Jon Guidi is the chief executive of HealthCare Recruiters International, which places staff on both a temporary and permanent basis. He said most intense shortages have eased, except for anything having to do with behavioral health, which he calls “massively underserved.”
“Wage escalation has been so high in that space,” Mr. Guidi said, “that the entities, whether it’s a home health company, a clinic, addiction treatment, eating disorders, their unit economics can’t keep up with the salary expectations now.”
It’s not inevitable, however, that health care employment will continue to grow at the same pace. One reason is looming cuts to federal health spending.

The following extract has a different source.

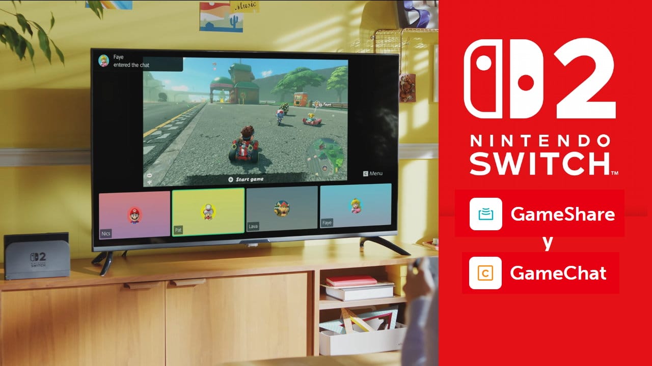 Es la nueva función de comunicación de Nintendo Switch 2, en la que podrán participar hasta 12 amigos en una misma llamada. Se podrá acceder a través del nuevo botón C de los Joy-Con 2, el mando Nintendo Switch 2 Pro Controller o el nuevo mando de GC. En pantalla puedes elegir cómo ver a los participantes, haciendo la pantalla de juego más pequeña para acomodar las ventanitas de los participantes, o con la pantalla de juego a tamaño completo, siendo el tamaño de las ventanas ajustables.

The Senate version of the Republicans’ large tax and spending bill, along with other changes by the Trump administration, would result in about 17 million fewer people having health insurance in 2034. Although people without health insurance tend to require more emergency care because they aren’t able to afford preventative visits, it’s not clear how those costs would be absorbed elsewhere. And those may not be the only cuts: The White House has also called for reductions in federal funding for medical education and research, which could constrict the supply of newly trained workers.
Health care is also getting somewhat more efficient. Many procedures can now be conducted on an outpatient basis. Recent pharmaceutical advances, such as diabetes medications that are now widely used for weight loss, appear likely to reduce the prevalence of chronic conditions related to obesity.
And artificial intelligence may be able to cut down on the 20 percent or so of health care employment that is administrative. Some of the tasks that currently burden doctors, nurses and radiologists could also be done more quickly with A.I.
David Cutler, a health care economist at Harvard University, cautions that while more people will be needed to deliver care in the future, the industry shouldn’t be seen as a jobs program. Costs have been rising for decades, placing a larger and larger burden on taxpayers and businesses — and to the extent possible, those resources should be redirected to other parts of the economy.
“Any person who’s employed in health care who we don’t need to be employed in health care, that’s a waste,” Dr. Cutler said. “That’s money in health care that costs people money when they’re sick, and that’s a person who could be doing a job somewhere else.”